Kora im Buddhismus: Die Magie des rituellen Umrundens der Boudha Stupa
Das pulsierende Herz des tibetischen Buddhismus in Kathmandu: Blick auf die mächtige weiße Kuppel der Boudha Stupa, umgeben von Gebetsfahnen und dem täglichen Strom der Pilger. | Foto: © Janine Beck
Die Boudha Stupa (auch bekannt als Boudhanath-Stupa) in Kathmandu ist eine der bedeutendsten spirituellen Stätten und Pilgerziele des tibetischen Buddhismus weltweit. Gemeinsam mit der berühmten Tempelanlage Swayambhunath gehört dieses imposante Bauwerk seit 1979 zum UNESCO-Weltkulturerbe. Doch was macht diesen Ort so magisch und welche Rituale prägen den Alltag der Menschen vor Ort?

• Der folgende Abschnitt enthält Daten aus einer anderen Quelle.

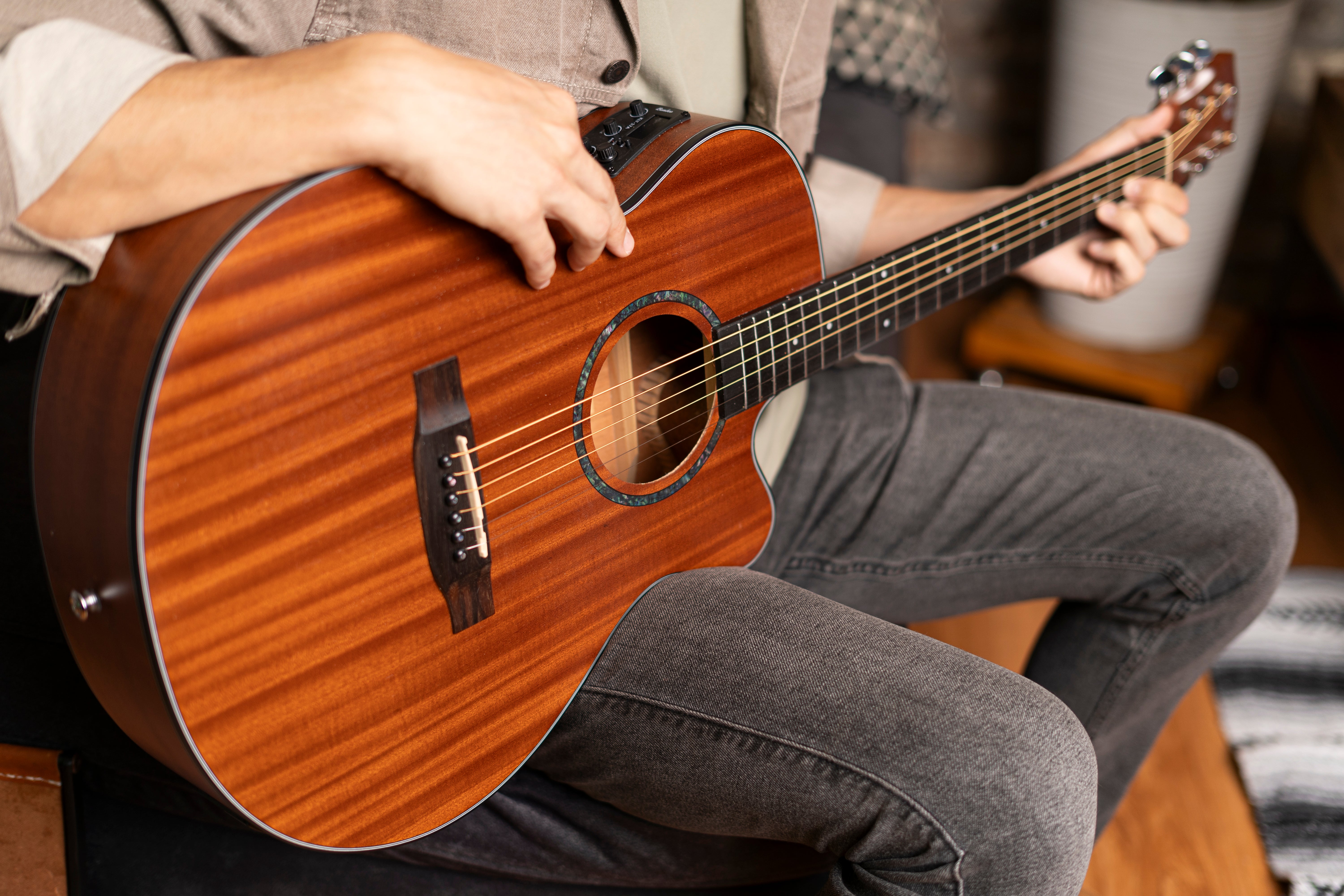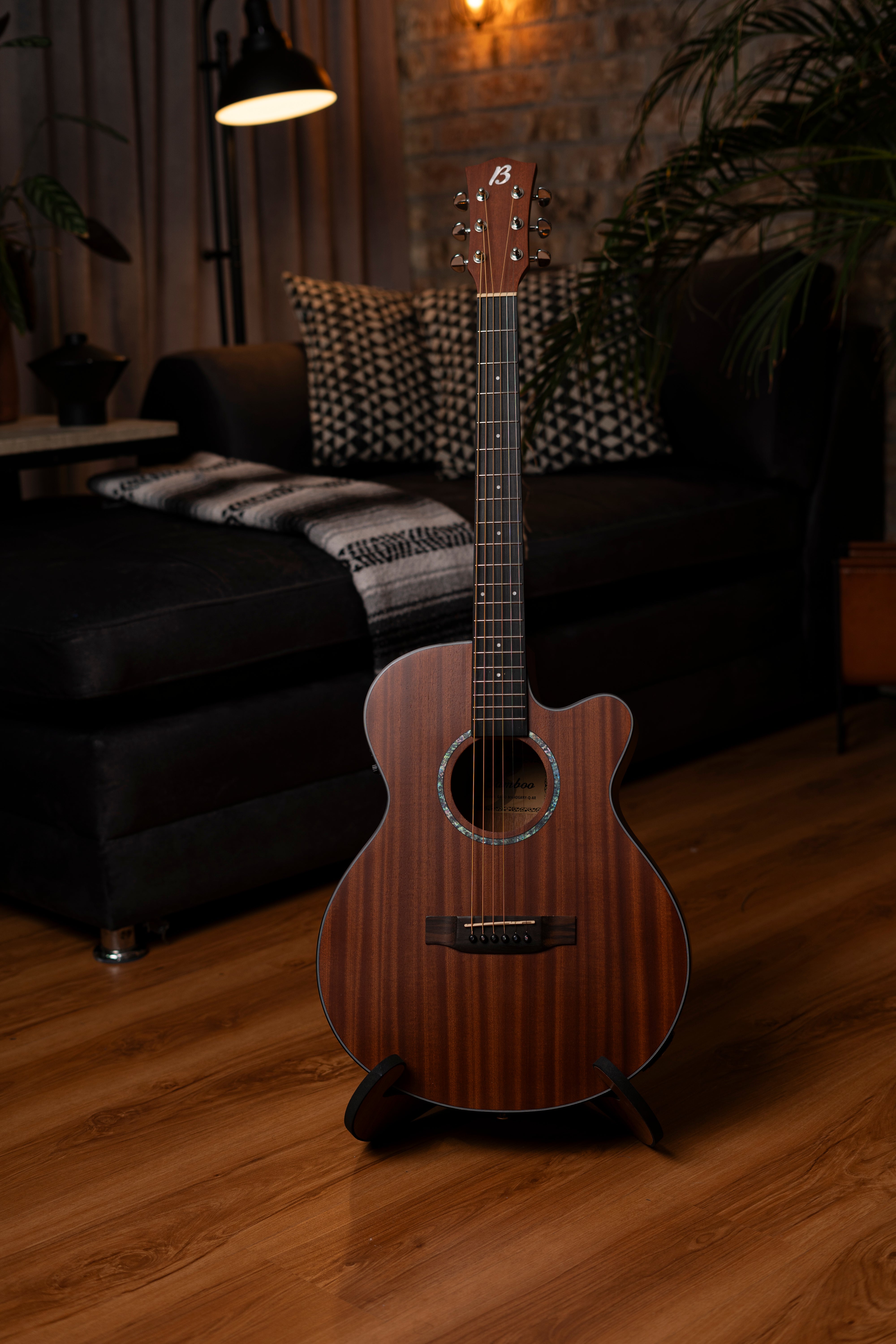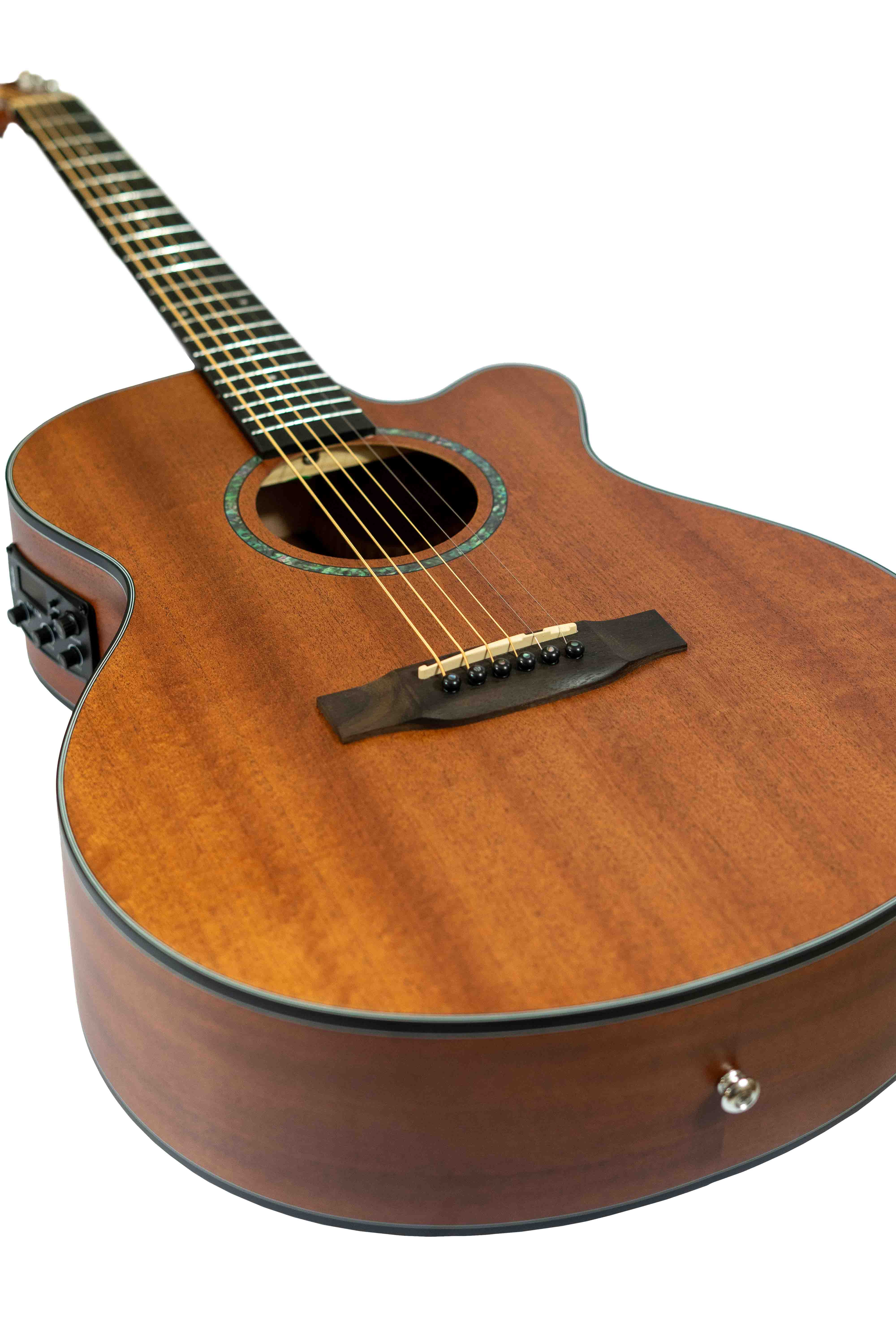 • Diseño con corte (cutaway) que facilita el acceso a los trastes más bajos, ideal para solos o melodías más complejas.

📿 Was ist eine Kora im Buddhismus?
Eine Kora (tibetisch: སྐོར་ར།, Wylie: skor ra, für „Umrundung“ oder „Kreislauf“) ist eine rituelle Pilger- und Meditationspraxis im tibetischen Buddhismus. Gläubige umrunden dabei heilige Objekte wie Stupas, Tempel, Klöster oder heilige Berge (z. B. den Berg Kailash) stets im Uhrzeigersinn. Ziel des Rituals ist es, negatives Karma zu reinigen, spirituelle Verdienste (punya) anzuhäufen und ein tieferes Verständnis der buddhistischen Lehre (Dharma) zu erlangen.
Runden, Rituale und Reflexionen
Vor ein paar Tagen schrieb uns Pema, eine unserer Teilnehmerinnen in Nepal, dass sie am frühen Morgen viele Koras um die Boudha Stupa gelaufen ist. Weißt du spontan, was das bedeutet?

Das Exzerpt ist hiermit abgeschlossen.